This PEP defines a mechanism for embedding metadata *within the script itself*,
and not in an external file.

We choose to follow the latest developments of other modern packaging
ecosystems (namely `Rust`__ and `Go`__) by embedding the existing
`metadata standard <pyproject metadata_>`_ that is used to describe
projects.

__ https://github.com/rust-lang/rfcs/blob/master/text/3424-cargo-script.md
__ https://github.com/erning/gorun

The format is intended to bridge the gap between different types of users
of Python.

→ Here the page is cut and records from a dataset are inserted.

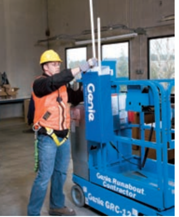
Fluorescent Tube Caddy (only available on narrow or standard platform)
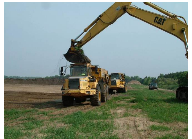
Work continues on the flow-through marsh project on the Wastewater site
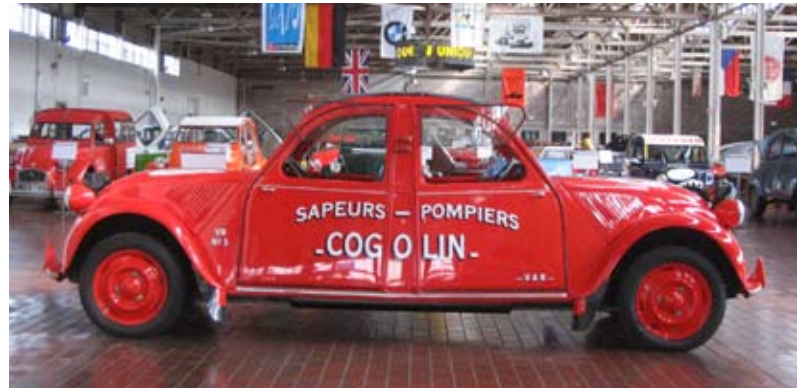
If you've never learned the "raison d'être" for this two-headed 1952 Citroën Cogolin, click the image to learn more.

As I give tours to groups, and even just talking with individual visitors, I am finding myself more and more trying to explain why some of these cars exist. Sure, just wandering through, looking at all the weird (their words, not mine!) cars can be satisfying in itself. But isn't it more interesting to think about the context in which these motoring marvels were created? No matter how "weird", every one of these cars had a raison d'être .
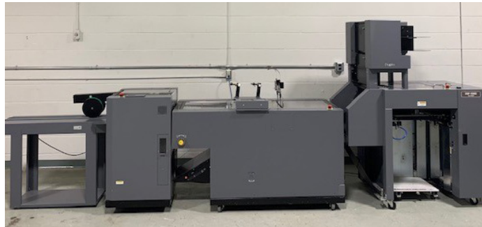
DSF 5000 High-Capacity Booklet System Configured w/ DSF 5000 set feeder w/optional cover feeder, SCC side slit/crease module, DBM 500 Bookletmaker w/optional spine flattener & 500T face trimmer. Please call to discuss configuration requirements and price.
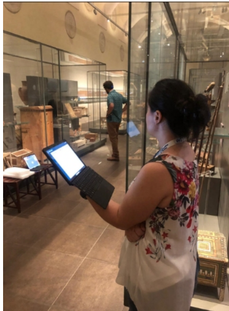
Figure 1: Egyptian museum experiment: experimentations on the Kha and Merit treasure (July 2024).

The aim was to monitor the emotional impact in the presence of human remains.
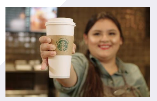
Coffee's Post 24/7 Starbucks that includes ready-made meals
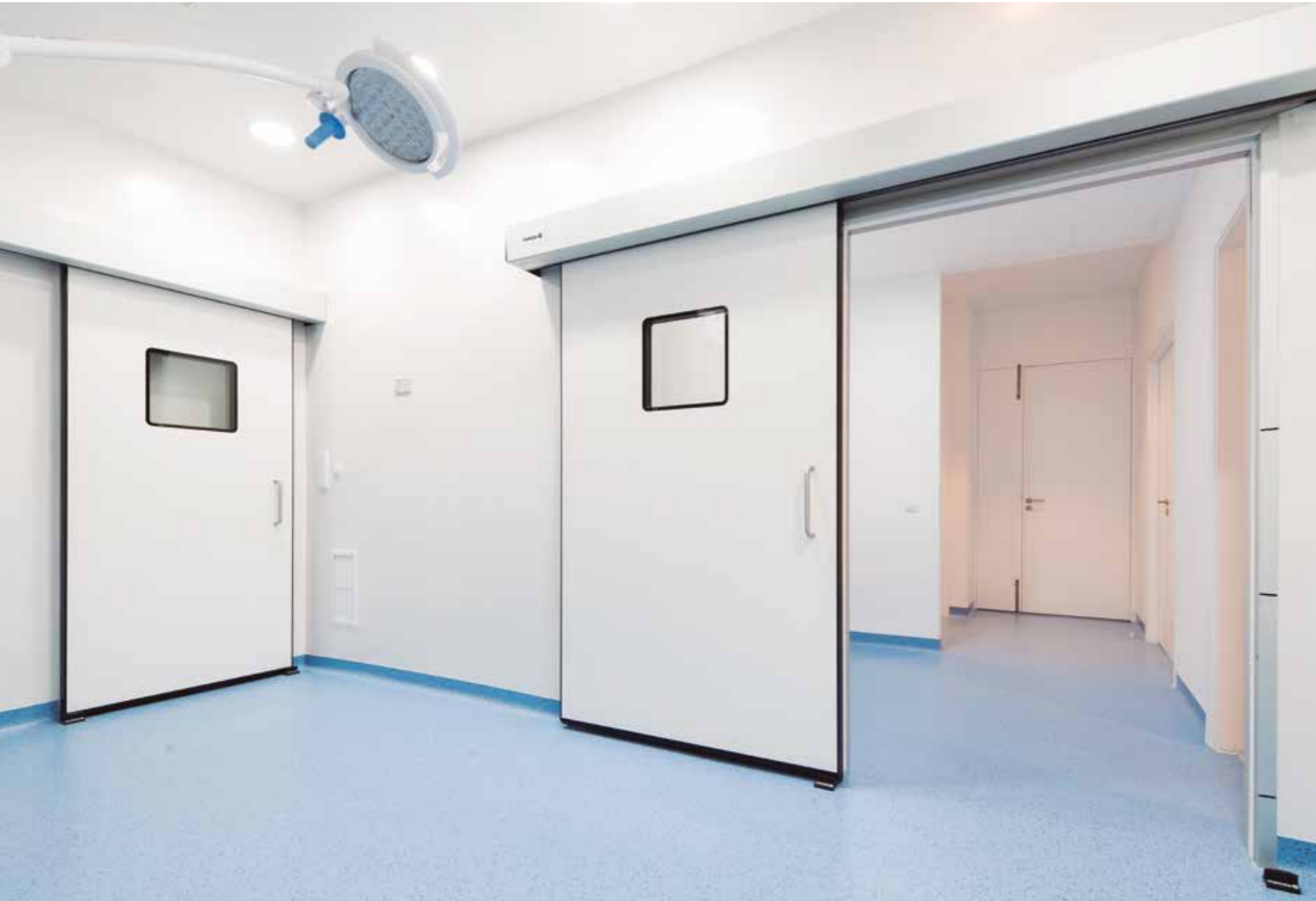
Hermetic sliding doors. Hospital operating theatres.

Manusa's hermetic doors unite the advantages of an automatic door with the seal and hygiene required in clean room environments.
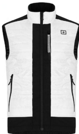
WHT / BLK / BLK 00BB

Knowledge of how to write project metadata will be directly
transferable to all use cases, whether writing a script or maintaining a
project that is distributed via PyPI. Additionally, users will benefit from
seamless interoperability with tools that are already familiar with the format.

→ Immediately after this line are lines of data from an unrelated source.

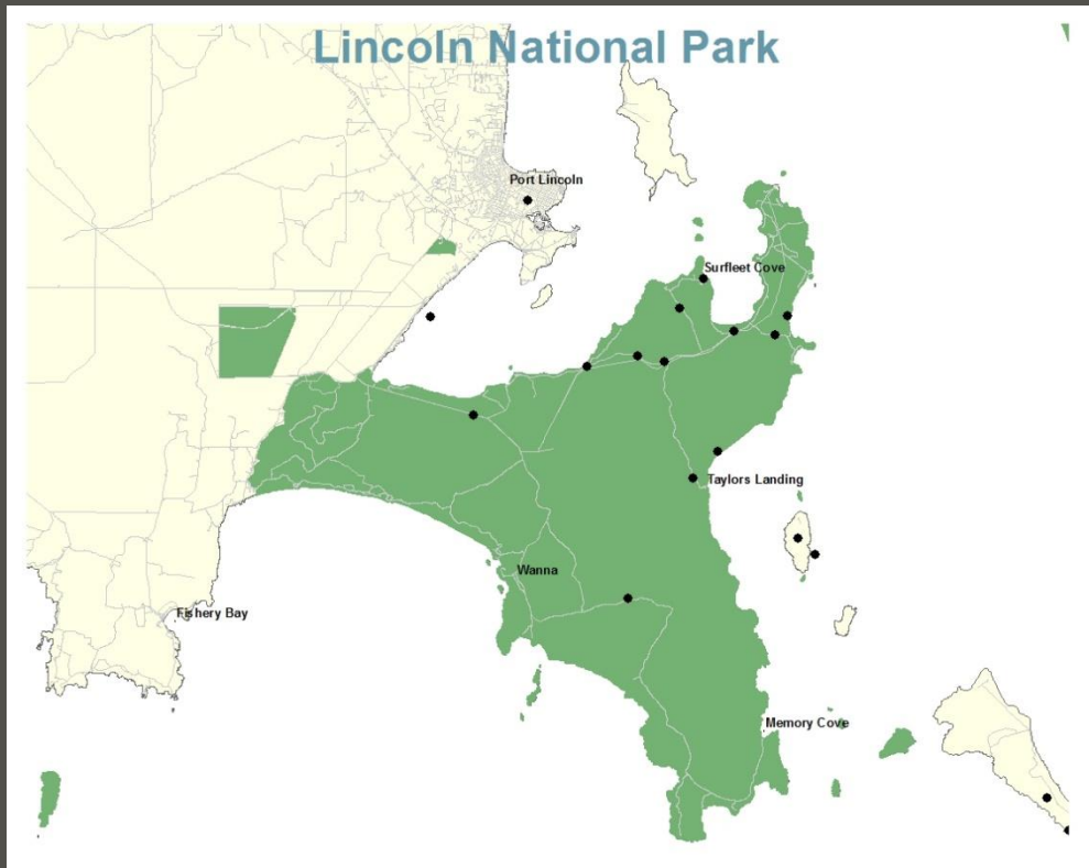
Sightings before EP Goannas
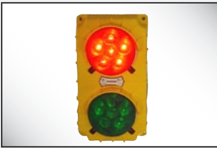
Exterior Lights - LED for longer life.
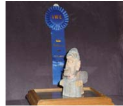
Civil War Soldier Bust
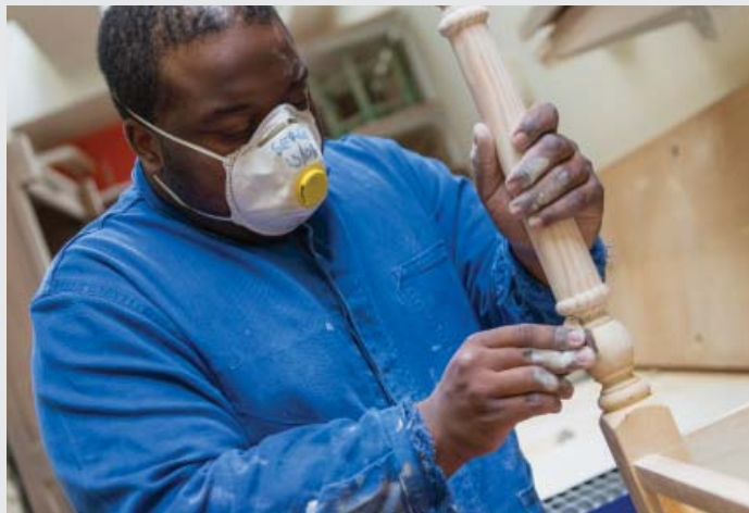
Furniture restoration at ESAT Les Colombages.

The organisation runs five workshops in which employees with autism produce goods and services. These are sold in the open market or through the organisation's retail store, which also employs people with autism.
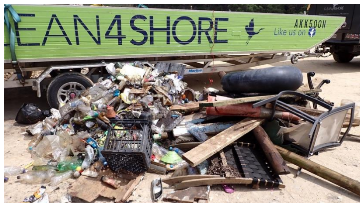
Big offload at Woy Woy Tip from the 24 full bags
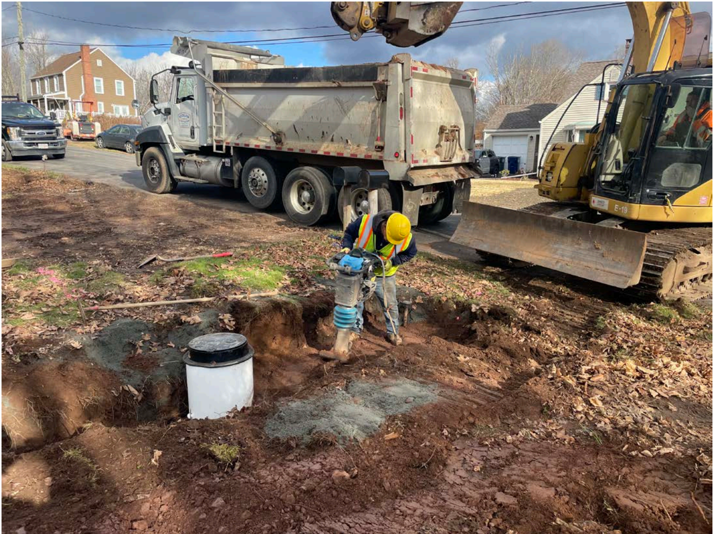
Picture 8: Ludlow compacting native fill that has been backfilled over the 1" copper water service line that they installed at the 230 Maple Avenue property. View to the east.
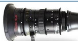
Angenieux Optimo 15-40
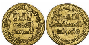
34 Umayyad , dinar, 98h, 4.27g (ICV 185; W. 213), extremely fine £450-500
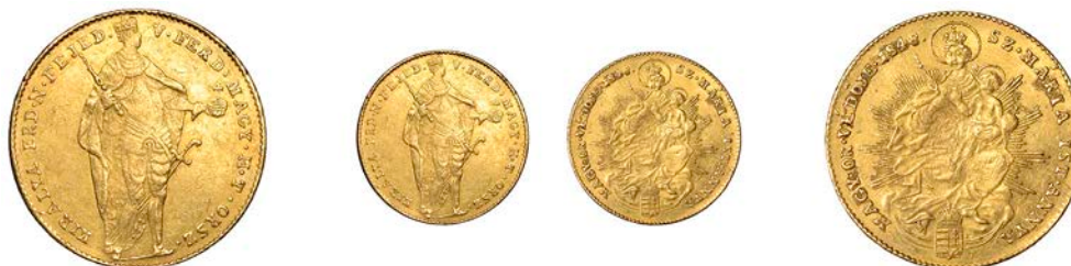
G 1032 Ferdinand V, Ducat, 1848, Kremnitz (Herinek 76; KM. 433; F 227). About very fine

One of the central themes we discovered from the recent
`packaging survey <https://discuss.python.org/t/22420>`__ is that users have
begun getting frustrated with the lack of unification regarding both tooling
and specs. Adding yet another way to define metadata, even for a currently
unsatisfied use case, would further fragment the community.

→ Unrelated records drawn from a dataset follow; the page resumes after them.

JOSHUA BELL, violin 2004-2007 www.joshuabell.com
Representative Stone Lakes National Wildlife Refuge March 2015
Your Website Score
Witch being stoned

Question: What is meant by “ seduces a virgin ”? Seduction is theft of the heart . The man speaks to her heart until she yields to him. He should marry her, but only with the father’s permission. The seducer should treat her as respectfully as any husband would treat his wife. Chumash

A use case that this PEP wishes to support that other formats may preclude is
a script that desires to transition to a directory-type project. A user may
be rapidly prototyping locally or in a remote REPL environment and then decide
to transition to a more formal project if their idea works out. This
intermediate script stage would be very useful to have fully reproducible bug
reports. By using the same metadata format, the user can simply copy and paste
the metadata into a ``pyproject.toml`` file and continue working without having
to learn a new format. More likely, even, is that tooling will eventually
support this transformation with a single command.


Specification
=============

Any Python script may assign a variable named ``__pyproject__`` to a multi-line
*double-quoted* string (``"""``) containing a valid TOML document. The opening
of the string MUST be on the same line as the assignment. The closing of the
string MUST be on a line by itself, and MUST NOT be indented.

The TOML document MUST NOT contain multi-line double-quoted strings, as that
would conflict with the Python string containing the document. Single-quoted
multi-line TOML strings may be used instead.

Tools reading embedded metadata MAY respect the standard Python encoding
declaration. If they choose not to do so, they MUST process the file as UTF-8.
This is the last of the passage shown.